--- START ---

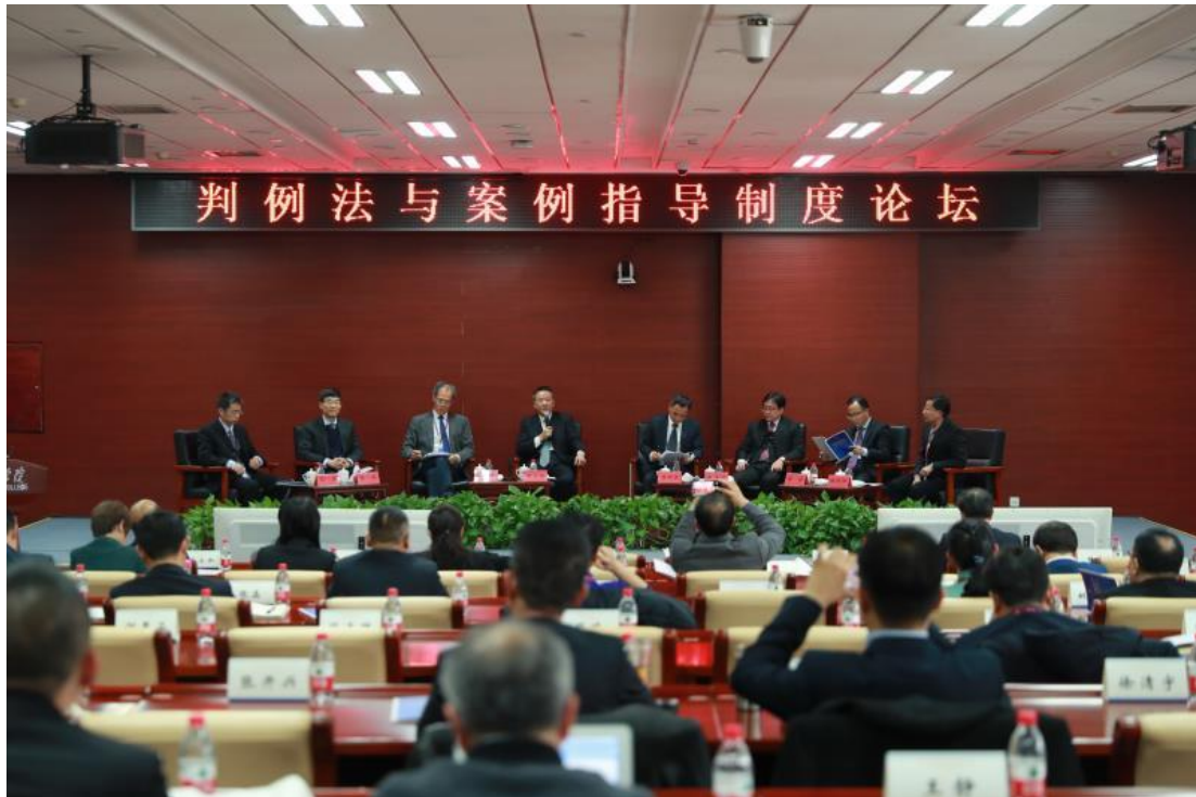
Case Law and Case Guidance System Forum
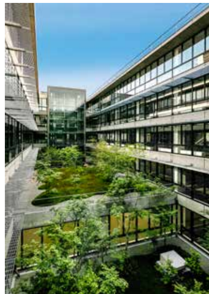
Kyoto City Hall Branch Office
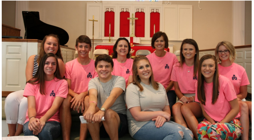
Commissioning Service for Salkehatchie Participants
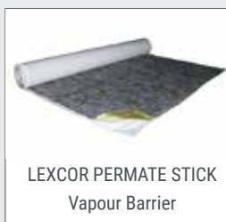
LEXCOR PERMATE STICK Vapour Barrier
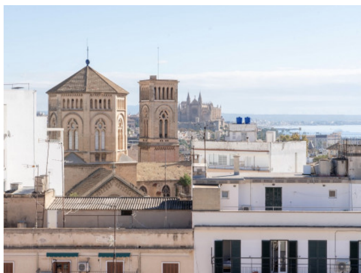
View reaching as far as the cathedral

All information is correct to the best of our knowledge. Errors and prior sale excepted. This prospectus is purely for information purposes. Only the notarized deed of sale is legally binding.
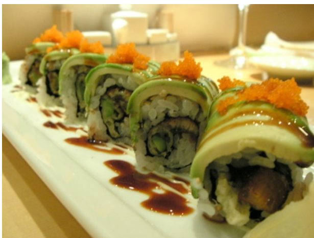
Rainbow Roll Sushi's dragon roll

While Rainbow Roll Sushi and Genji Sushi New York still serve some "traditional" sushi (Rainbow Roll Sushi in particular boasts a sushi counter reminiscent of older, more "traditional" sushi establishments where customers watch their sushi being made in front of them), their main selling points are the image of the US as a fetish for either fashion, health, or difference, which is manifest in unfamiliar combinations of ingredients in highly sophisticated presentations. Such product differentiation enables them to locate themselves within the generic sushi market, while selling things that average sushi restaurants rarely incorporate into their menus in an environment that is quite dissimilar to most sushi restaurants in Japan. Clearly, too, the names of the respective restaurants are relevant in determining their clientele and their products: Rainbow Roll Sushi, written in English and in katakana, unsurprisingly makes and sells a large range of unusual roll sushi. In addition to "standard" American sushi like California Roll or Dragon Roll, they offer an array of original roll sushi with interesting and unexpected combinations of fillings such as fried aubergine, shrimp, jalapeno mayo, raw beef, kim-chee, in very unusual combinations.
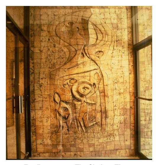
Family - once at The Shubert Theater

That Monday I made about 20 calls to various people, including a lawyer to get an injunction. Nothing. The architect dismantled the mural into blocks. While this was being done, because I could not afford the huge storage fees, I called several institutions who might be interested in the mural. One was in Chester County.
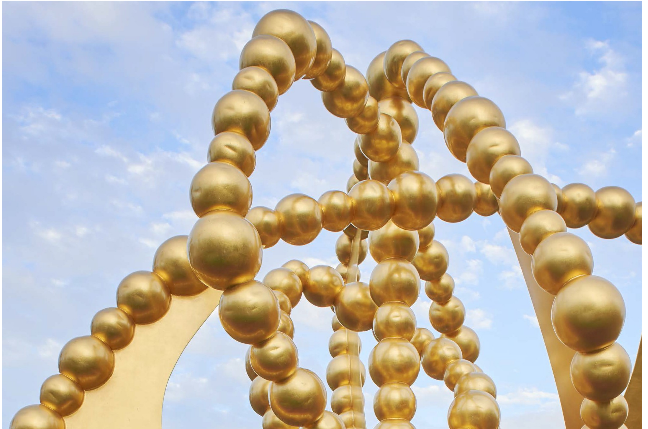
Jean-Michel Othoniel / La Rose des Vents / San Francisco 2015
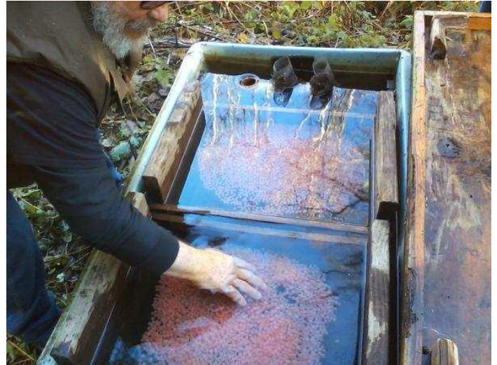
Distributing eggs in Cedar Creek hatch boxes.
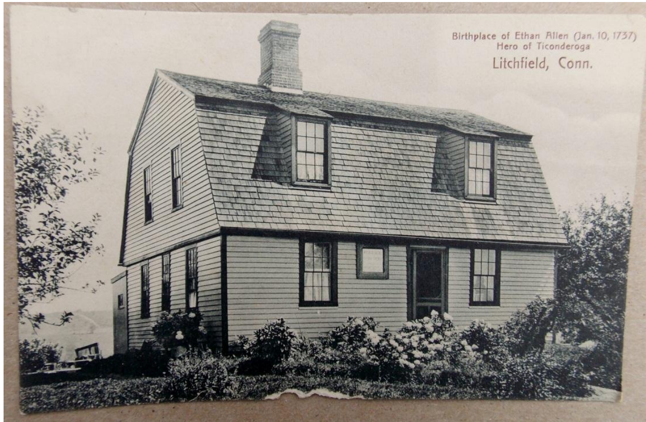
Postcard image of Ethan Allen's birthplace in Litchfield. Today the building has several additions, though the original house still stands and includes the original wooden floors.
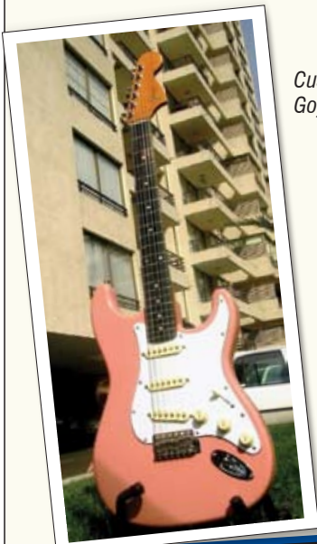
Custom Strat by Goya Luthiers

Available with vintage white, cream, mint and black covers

--- END ---
--- START ---

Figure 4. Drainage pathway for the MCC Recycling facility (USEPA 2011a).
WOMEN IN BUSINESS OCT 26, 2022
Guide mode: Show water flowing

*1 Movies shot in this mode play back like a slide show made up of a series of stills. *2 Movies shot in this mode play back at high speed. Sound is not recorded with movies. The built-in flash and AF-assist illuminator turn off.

--- END ---
--- START ---

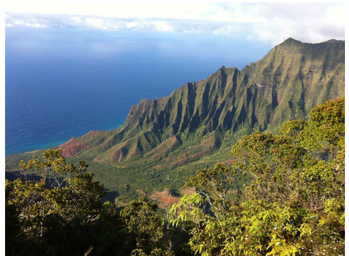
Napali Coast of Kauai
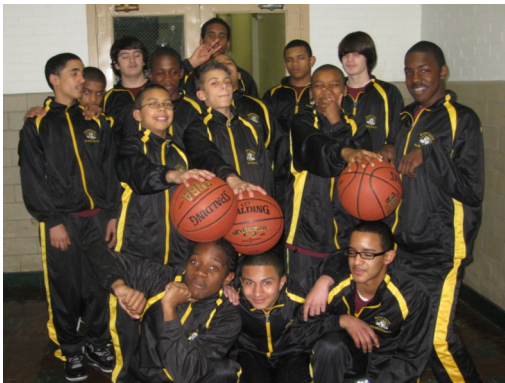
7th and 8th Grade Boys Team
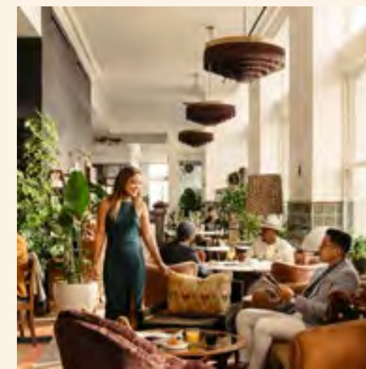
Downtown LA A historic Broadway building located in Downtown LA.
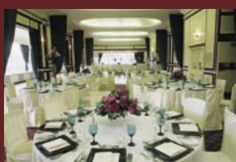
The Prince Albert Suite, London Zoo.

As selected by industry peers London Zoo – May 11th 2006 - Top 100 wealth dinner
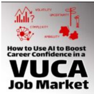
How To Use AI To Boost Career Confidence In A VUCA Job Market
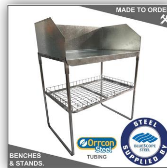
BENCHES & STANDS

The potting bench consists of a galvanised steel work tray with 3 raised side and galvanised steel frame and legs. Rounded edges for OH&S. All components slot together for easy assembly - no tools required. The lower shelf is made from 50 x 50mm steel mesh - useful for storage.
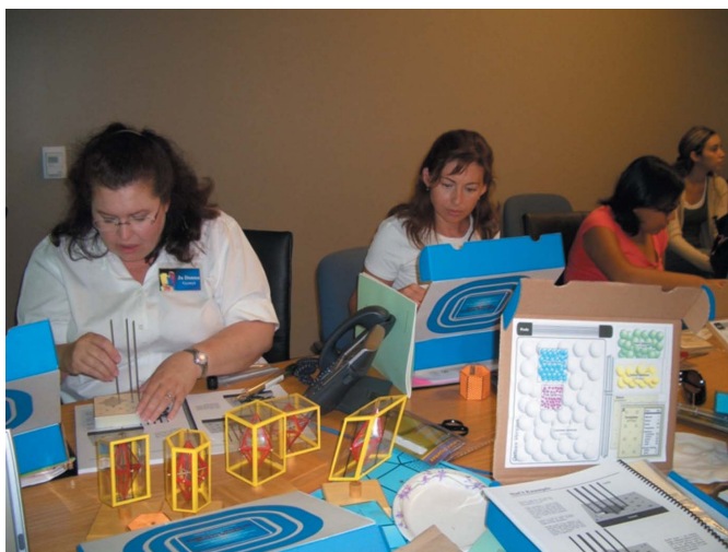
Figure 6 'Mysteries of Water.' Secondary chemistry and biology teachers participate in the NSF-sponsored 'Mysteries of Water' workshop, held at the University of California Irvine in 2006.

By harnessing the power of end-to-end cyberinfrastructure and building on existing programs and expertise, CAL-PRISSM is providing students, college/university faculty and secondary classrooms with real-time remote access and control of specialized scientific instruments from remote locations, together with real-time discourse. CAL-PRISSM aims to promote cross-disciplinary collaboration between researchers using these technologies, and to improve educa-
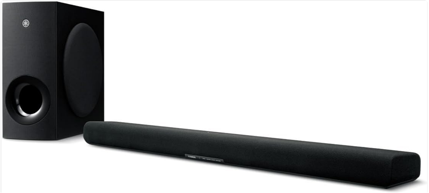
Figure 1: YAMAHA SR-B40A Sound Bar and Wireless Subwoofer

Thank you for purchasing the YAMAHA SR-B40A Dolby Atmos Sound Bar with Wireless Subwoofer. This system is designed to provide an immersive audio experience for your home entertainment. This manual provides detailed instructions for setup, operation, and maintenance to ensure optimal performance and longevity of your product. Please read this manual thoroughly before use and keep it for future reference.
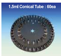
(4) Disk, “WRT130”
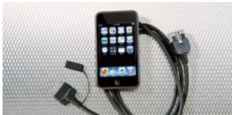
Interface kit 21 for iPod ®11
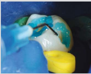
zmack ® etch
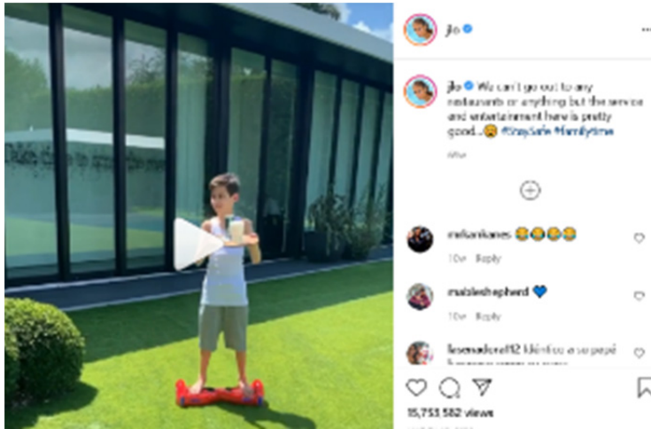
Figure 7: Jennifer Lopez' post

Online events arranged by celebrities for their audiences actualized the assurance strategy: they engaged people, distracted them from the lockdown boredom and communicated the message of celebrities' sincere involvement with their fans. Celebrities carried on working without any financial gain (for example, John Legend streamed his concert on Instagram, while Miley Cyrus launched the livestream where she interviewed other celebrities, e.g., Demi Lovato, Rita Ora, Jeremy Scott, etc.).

--- END ---

▶ _Activity_:
Pictures do not belong in the answer. Return the lines above starting at the one with "7th and 8th Grade Boys Team" and ending at the one with "Figure 6 'Mysteries", both kept, exactly.

▶ _Reply to the task_:
7th and 8th Grade Boys Team
Downtown LA A historic Broadway building located in Downtown LA.
The Prince Albert Suite, London Zoo.

As selected by industry peers London Zoo – May 11th 2006 - Top 100 wealth dinner
How To Use AI To Boost Career Confidence In A VUCA Job Market
BENCHES & STANDS

The potting bench consists of a galvanised steel work tray with 3 raised side and galvanised steel frame and legs. Rounded edges for OH&S. All components slot together for easy assembly - no tools required. The lower shelf is made from 50 x 50mm steel mesh - useful for storage.
Figure 6 'Mysteries of Water.' Secondary chemistry and biology teachers participate in the NSF-sponsored 'Mysteries of Water' workshop, held at the University of California Irvine in 2006.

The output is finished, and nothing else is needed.